Some Americans contending with smoke from Canadian wildfires, including a group of Republican lawmakers, have been critical of their northern neighbor for what they say is a failure to control blazes that have consistently caused poor air quality in the United States.

But fires are simultaneously also blazing in the U.S., one of which led to the recent death of a Canadian firefighter — and Canada has contended with smoke that is not necessarily homegrown either, billowing up into the country from the U.S.

“If Canada will not manage its forests to prevent these fires, the United States will look elsewhere, and act on our own, to protect our people,” four Republican members of Congress from Michigan wrote in a letter to Canada’s prime minister, Mark Carney, on Wednesday.

On Thursday, a Michigan state lawmaker, Aric Nesbitt, joined the fray, echoing an annexation threat at times made by President Trump and telling Canada on social media, “Unless you want to become the 51st state, learn to manage your forests.”

The American accusations prompted Mr. Carney to point fingers as well when asked about them on Thursday. “Fighting climate change is the responsibility of all countries, including the United States,” he told reporters in French.

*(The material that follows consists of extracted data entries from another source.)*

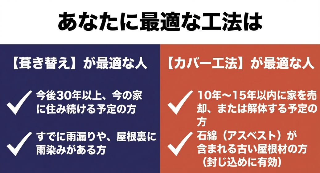 葺き替えとカバー工法、どちらを選ぶべきかについての基準
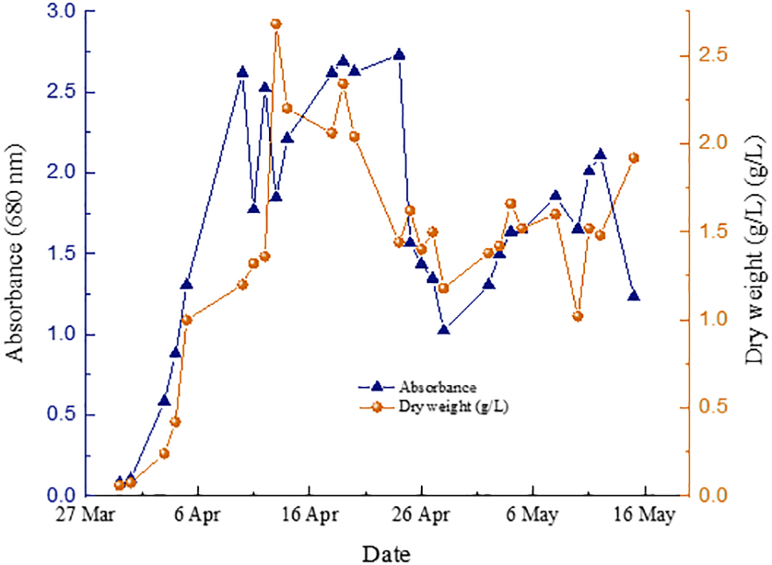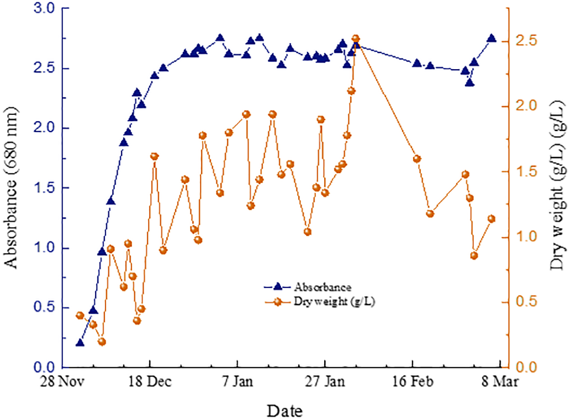Figure 4 shows the P. Tricornutum microalgae production under low light intensity conditions from December 2022 to February 2023, while Figure 5 shows the equivalent for medium light intensity conditions from April 2023 to May 2023.
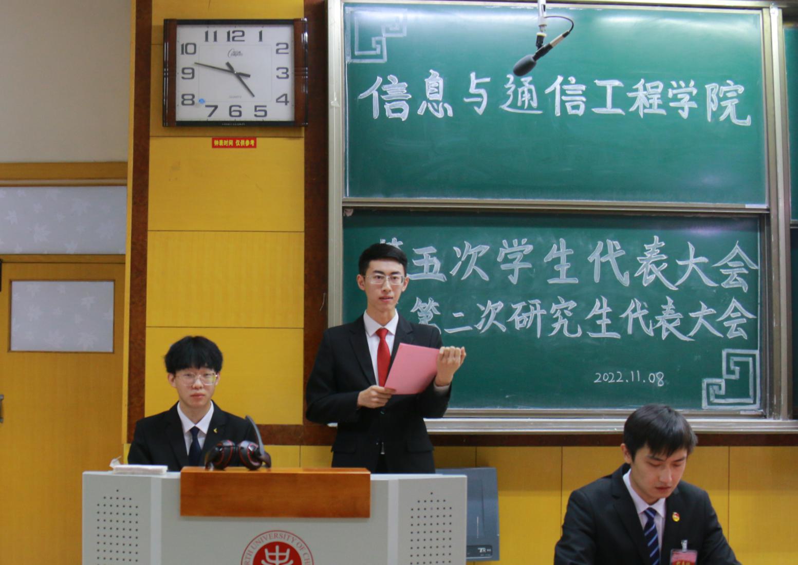 2022年11月8日,信息与通信工程学院在09201H召开了第五次学生代表大会暨第二次研究生代表大会。院党委副书记兼副院长魏媛媛、团委书记闫婷、团委王彪老师、科研科王建萍老师应邀出席大会,学院98名学生代表参加本次大会。
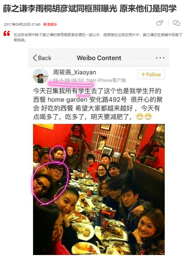 薛之谦、李雨桐、胡彦斌三人还是同学。
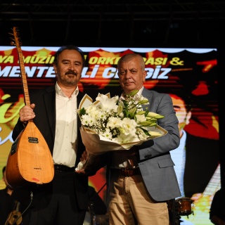 Konser sonunda Osmangazi Belediye Başkan Yardımcısı Mutlu Esendemir, usta sanatçı Menteşeli Cengiz’e çiçek takdim etti.
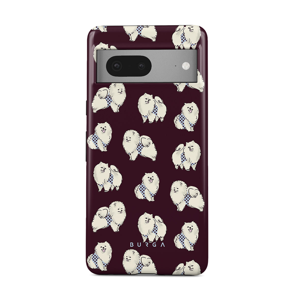 En este diseño: perros blancos y esponjosos sobre un fondo burdeos oscuro, caniches y mascotas.
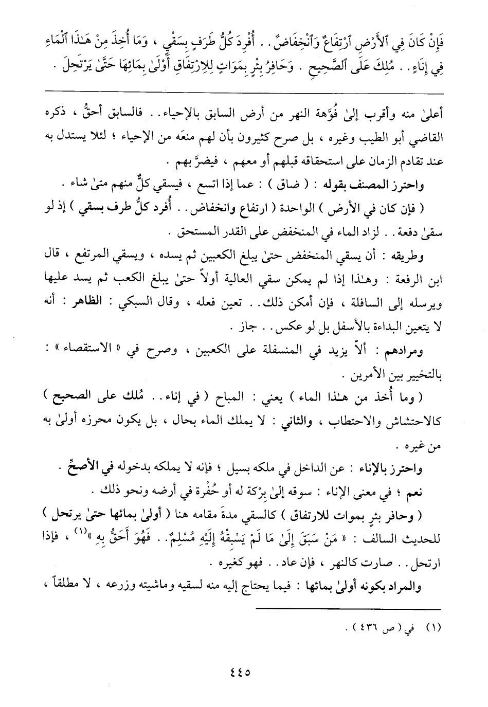 أعلى منه وأقرب إلى فُوَّهة النهر من أرض السابق بالإحياء. . فالسابق أحقُّ، ذكره القاضي أبو الطيب وغيره، بل صرح كثيرون بأن لهم منعَه من الإحياء؛ لئلا يستدل به عند تقادم الزمان على استحقاقه قبلهم أو معهم، فيضرَّ بهم.
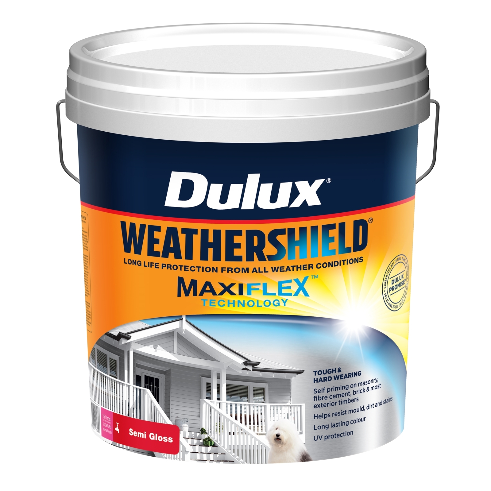 Dulux 15L Exterior Paint Weathershield Semi Gloss Extra Bright
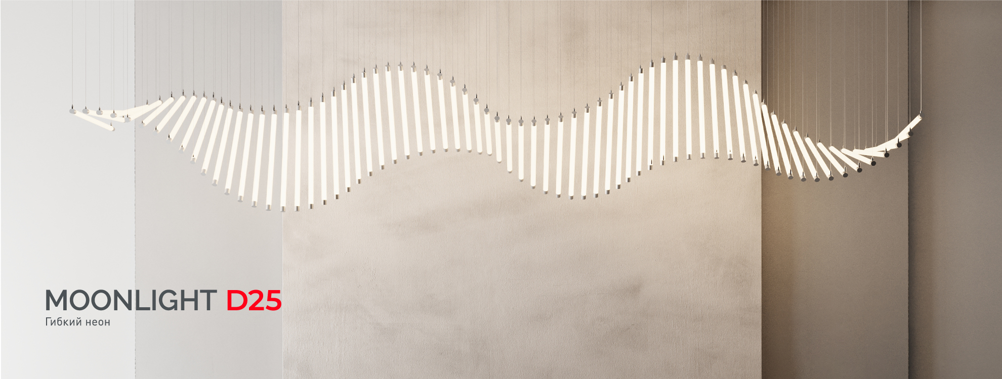 Гибкий неон MOONLIGHT с диаметром 25 мм обладает равномерным свечением, направленным на 360°. С помощью MOONLIGHT D25 возможно создать локальное и даже основное освещение, а также оригинальные арт-объекты. 3D-инсталляции на основе круглого гибкого неона гармонично впишутся в гостиные, кухни, детские, а также в коммерческие пространства.
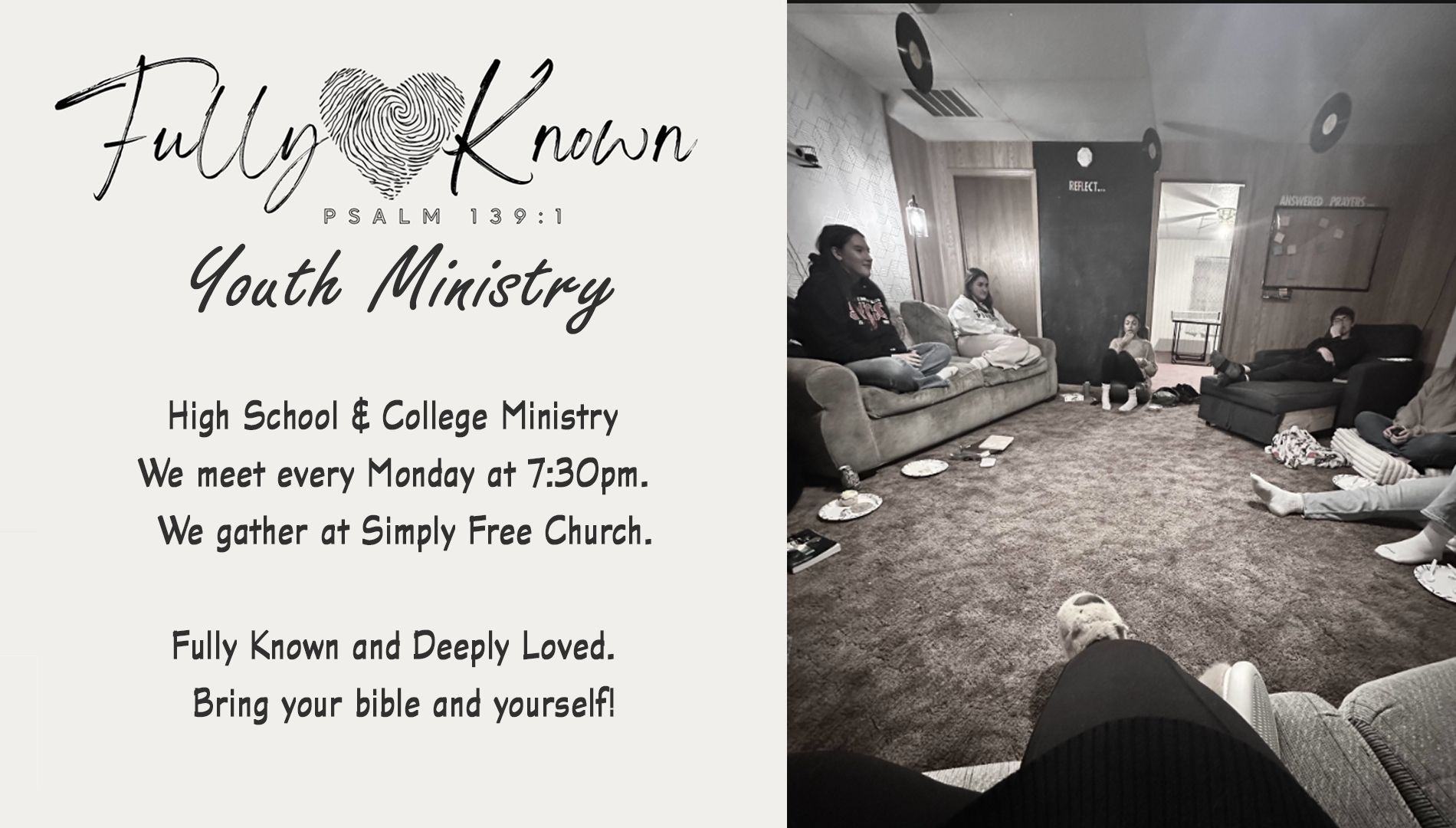 We are launching the “Fully Known” youth group for high school and older students. For more info check out their page at Fully Known Youth Ministry
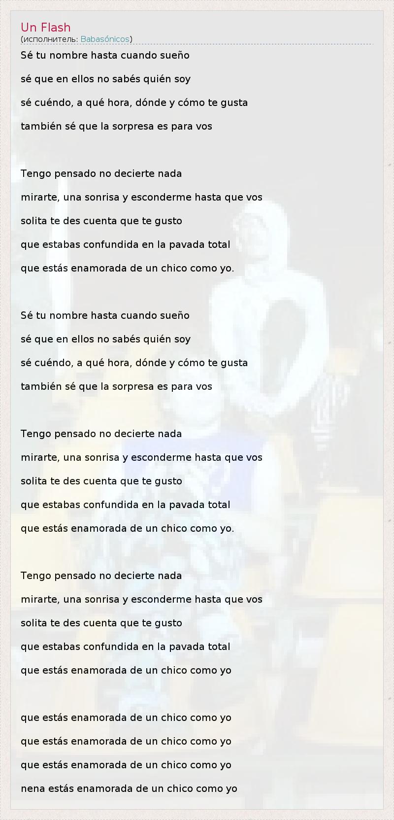 Sé tu nombre hasta cuando sueño sé que en ellos no sabés quién soy sé cuéndo, a qué hora, dónde y cómo te gusta también sé que la sorpresa es para vos Tengo pensado no decierte nada mirarte, una sonrisa y esconderme hasta que vos solita te des cuenta que te gusto que estabas confundida en la pavada total que estás enamorada de un chico como yo. Sé tu nombre hasta cuando sueño sé que en ellos no sabés quién soy sé cuéndo, a qué hora, dónde y cómo te gusta también sé que la sorpresa es para vos Tengo pensado no decierte nada mirarte, una sonrisa y esconderme hasta que vos solita te des cuenta que te gusto que estabas confundida en la pavada total que estás enamorada de un chico como yo. Tengo pensado no decierte nada mirarte, una sonrisa y esconderme hasta que vos solita te des cuenta que te gusto que estabas confundida en la pavada total que estás enamorada de un chico como yo que estás enamorada de un chico como yo que estás enamorada de un chico como yo que estás enamorada de un chico como yo nena estás enamorada de un chico como yo
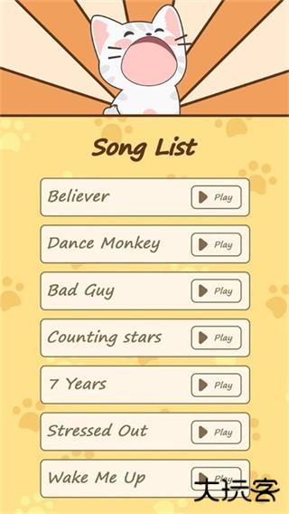 popcat音乐世界整个游戏就围绕着音乐主题展开,游戏曲目涵盖了各个国家和不同风格的流行歌曲,让玩家可以在游戏中欣赏美妙的音乐;
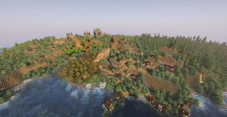 Если направиться на восток, примерно к координатам (256, 96), густая растительность постепенно сменится тайгой. Именно здесь расположилась первая деревня, уютно спрятавшаяся среди хвойных деревьев. Тайга также богата животными и нередко встречаются волки, которых можно приручить.
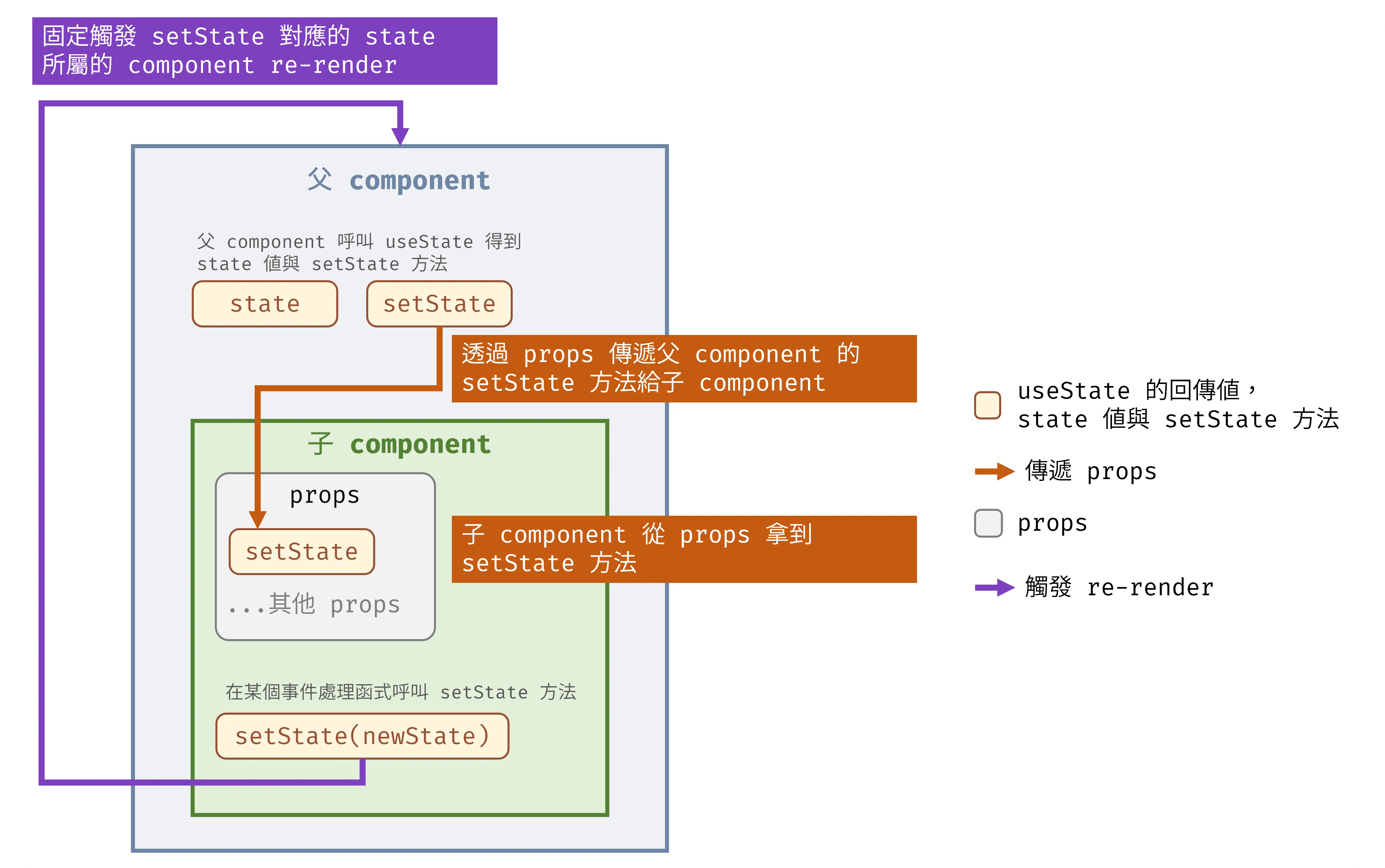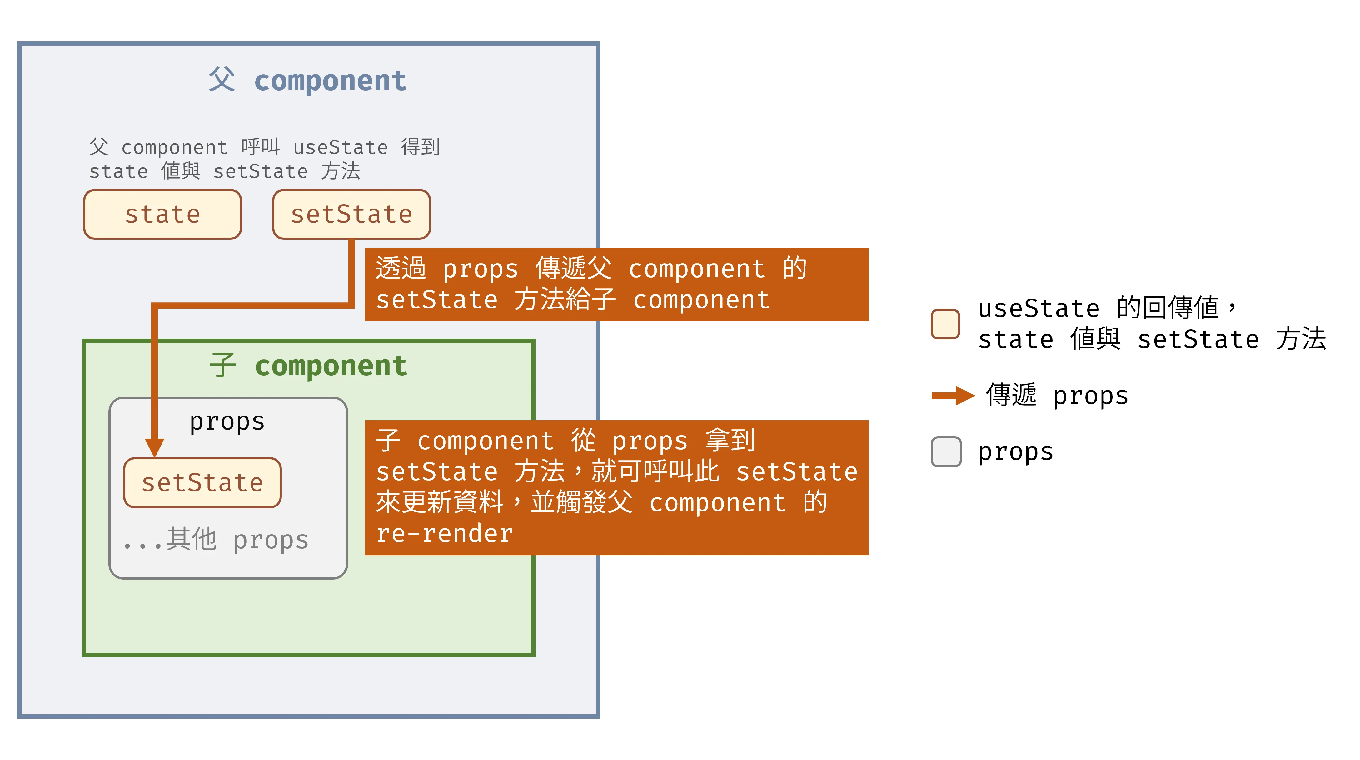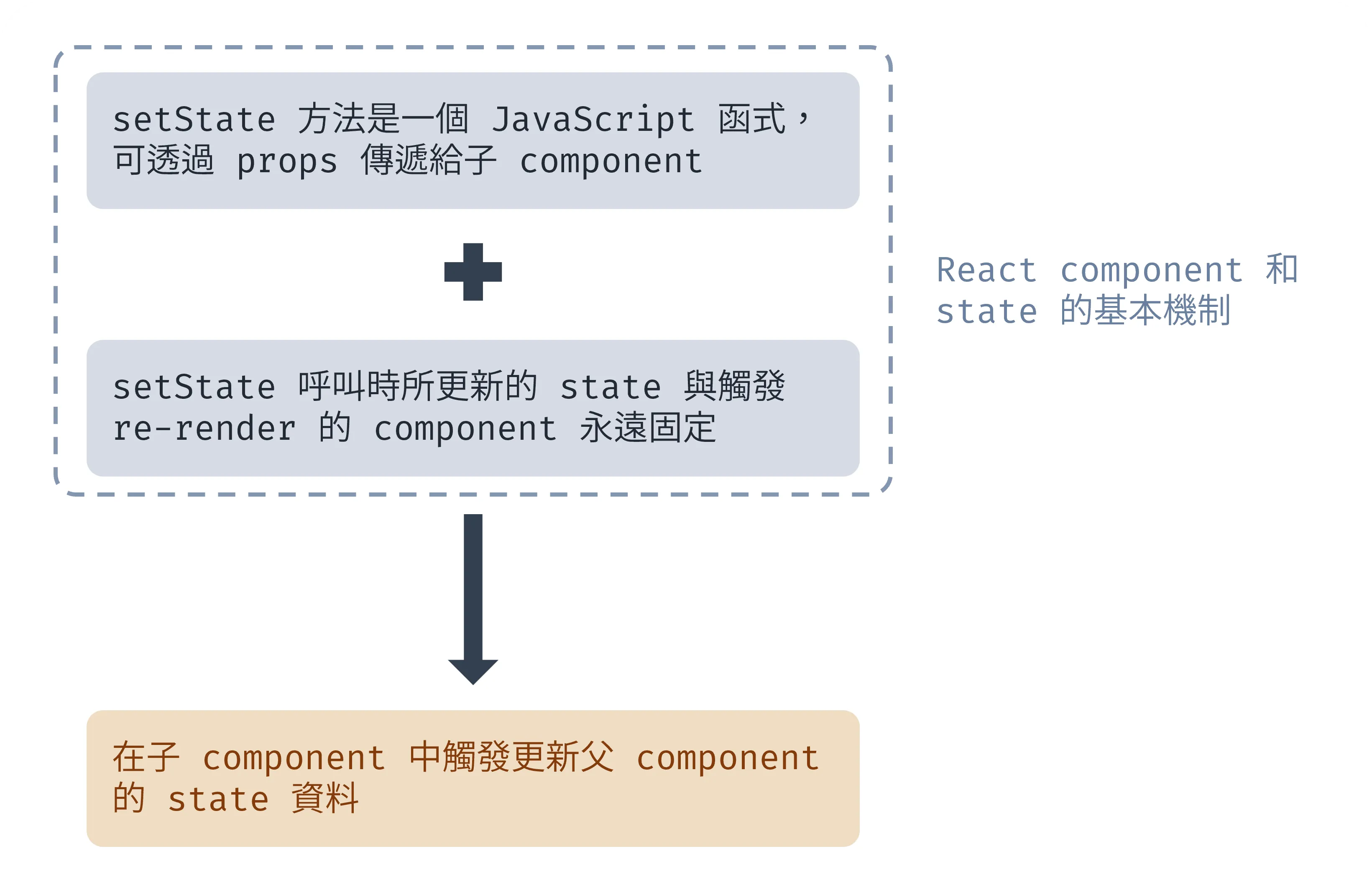 子 component 要如何取得父 component 的 setState 方法?我們可透過 props 來傳遞,因為 props 可傳遞任何資料型別的資料,而 setState 作為一個 JavaScript 函式,當然也可透過 props 來傳遞。示意圖如下。

What Mr. Carney, who is under pressure domestically for “investment-driven” policies that environmentalists say could exacerbate climate change and the increasing wildfires that have come with it, did not point out is that Canada has, on multiple occasions, dealt with smoke from U.S. wildfires that has eroded its air quality.

In September 2020, fires in California, Oregon and Washington State burned more than five million acres and left millions of Americans under thick clouds of smoke and ash for weeks. Fires in Washington State and Oregon sent smoke billowing northward into Canada, eroding air quality and visibility.

“This has been primarily a U.S.-dominated wildfire season,” Armel Castellan, a warning preparedness meteorologist with Environment Canada, told the Canadian Broadcasting Corporation at the time.

The United States ambassador to Canada, Pete Hoekstra, who is from Michigan, took a more diplomatic approach to the two nations’ shared woes. In a post on social media on Wednesday, he said, “This challenge knows no borders. The United States will continue to coordinate closely with Canada, just as we have for more than four decades of shared wildfire emergencies.”

Indeed, there are fires burning in the U.S. as well, and they have touched Canadians, too.

The U.S. National Interagency Fire Center, which has touted its cooperation with Canadian firefighters, noted on Thursday that more than 150 new fires were reported nationwide the previous day, including six new large fires, and said firefighters were on Thursday working to contain more than four dozen “large fires across the country.”

On Sunday, Nicholas Dale, a Canadian helicopter pilot, died in a crash while “engaged in wildfire suppression efforts” in Colorado, according to the Gunnison County Sheriff’s Office. Gov. Jared Polis of Colorado called the 56-year-old Canadian “a heroic firefighting pilot.”